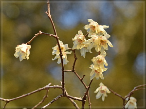坂道の脇に人が集まっているところが。寄ってみるとソシンロウバイが花を付けていました。時期が遅かったのかなんとなく花弁の色が薄いような。本来ならもう少しレモンイエローなんですが。
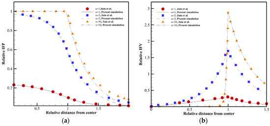 Comparison between the result of the present model and literature [40]. A tumor (R = 0.4 cm) embedded in the normal tissue is studied in this figure. (a) Distribution of the relative IFP. (b) Distribution of the relative IFV.
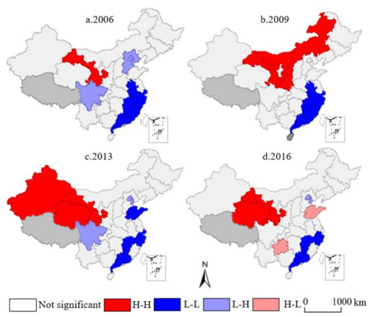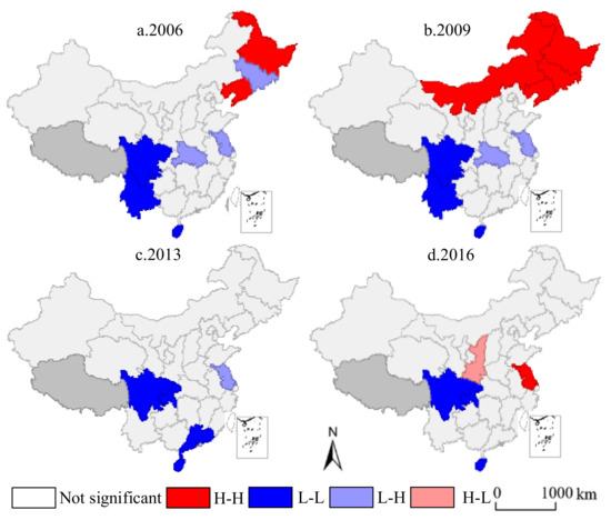 The LISA spatial agglomeration pattern of carbon emissions per capita on land use in typical years in China: 2006, 2009, 2013, and 2016.

* WORK INSTRUCTION: An exact repetition of the listing is needed, with the pictures dropped.

* REPLY:
坂道の脇に人が集まっているところが。寄ってみるとソシンロウバイが花を付けていました。時期が遅かったのかなんとなく花弁の色が薄いような。本来ならもう少しレモンイエローなんですが。
 Comparison between the result of the present model and literature [40]. A tumor (R = 0.4 cm) embedded in the normal tissue is studied in this figure. (a) Distribution of the relative IFP. (b) Distribution of the relative IFV.
 The LISA spatial agglomeration pattern of carbon emissions per capita on land use in typical years in China: 2006, 2009, 2013, and 2016.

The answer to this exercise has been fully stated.